On Monday, at 12:34 a.m. EDT, Perseverance transferred sample tube serial number 266 and its Martian cargo into the rover's interior to measure and image the rock core. It then hermetically sealed the container, took another image, and stored the tube, informed NASA's JPL mission.

Mars Sample Return campaign

The core is now enclosed in an airtight titanium sample tube, which will be retrieved by the Mars Sample Return campaign that is being planned jointly by NASA and ESA (European Space Agency) in 2028. A decade from now, these samples would be the first set of scientifically identified and selected materials returned to our planet from another distant planet.

Mars rock sample
Perseverance's first cored-rock sample of mars rock is seen inside its titanium contaniner tube in this image taken by the rover's Sampling anc Catching System Camera Catche-cam (NASA/JPL-Caltech)NASA/JPL-Caltech

"NASA has a history of setting ambitious goals and then accomplishing them, reflecting our nation's commitment to discovery and innovation," said NASA Administrator Bill Nelson.

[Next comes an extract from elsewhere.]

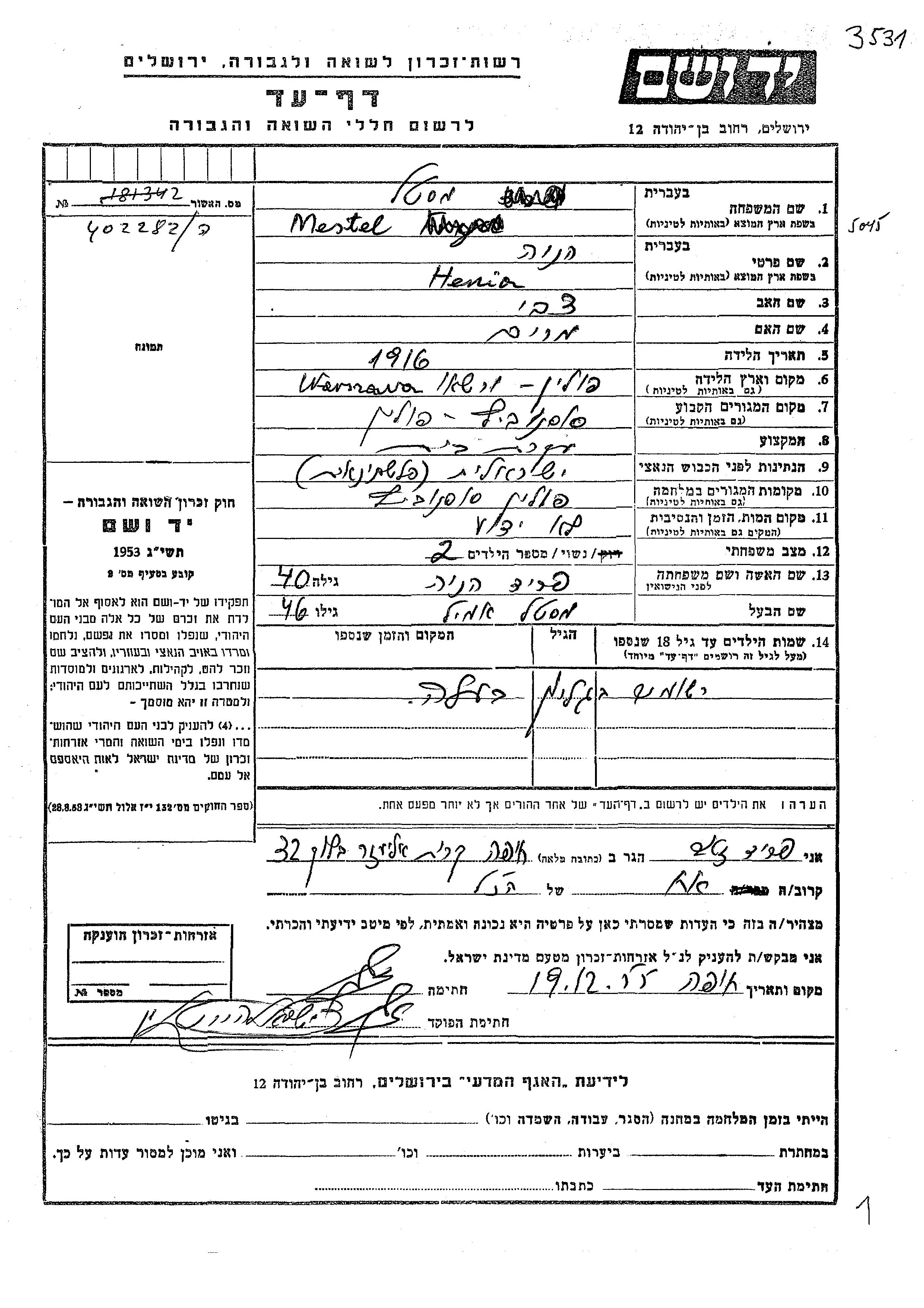 Yad Vashem - Pages of Testimony Names Memorial Collection

Along with identifying and collecting samples of rock and regolith (broken rock and dust), searching for signs of ancient microscopic life on Mars, Perseverance's mission will also study the Jezero region's geology and ancient habitability to see whether life was there on Mars or not. In addition, the mission will also keep analyzing its past climate.

Similar to Moon samples

Thomas Zurbuchen, associate administrator for science at NASA Headquarters in Washington DC said, "Just as the Apollo Moon missions demonstrated the enduring scientific value of returning samples from other worlds for analysis here on our planet, we will be doing the same with the samples Perseverance collects as part of our Mars Sample Return program."

He said once teh samples are brought to earth, there will be jaw-dropping discoveries across a broad set of science areas, including whether life once existed on Mars. "With over 3,000 parts, the Sampling and Caching System is the most complex mechanism ever sent into space," noted Larry D. James, interim director of JPL.

NASA’s Perseverance Rover Makes Historic Landing on Mars
NASA’s Perseverance Rover on Mars

The rover's foray on Mars surface spans hundreds of sols (Martian days) and it will be complete when Perseverance returns to its landing site. It means Perseverance will have traveled between 1.6 and 3.1 miles (2.5 and 5 kilometers) and may have filled as many as eight of its 43 sample tubes by then.

After that, Perseverance will travel north, then west, toward the location of its second science campaign: Jezero Crater's delta region, the fan-shaped spot where an ancient river met a lake within the crater and believed to be rich in clay minerals. Since such minerals on Earth can preserve fossilized signs of ancient microscopic life, it provides insights into biological processes on Mars.

Subsequent NASA and ESA joint missions would send spacecraft to Mars to collect these sealed samples and bring them to Earth for in-depth analysis.

The Mars 2020 Perseverance mission is part of NASA's Moon to Mars exploration approach, which includes Artemis missions to the Moon, in preparation for the first human exploration mission to the Red Planet. JPL is managing operations of the Perseverance rover.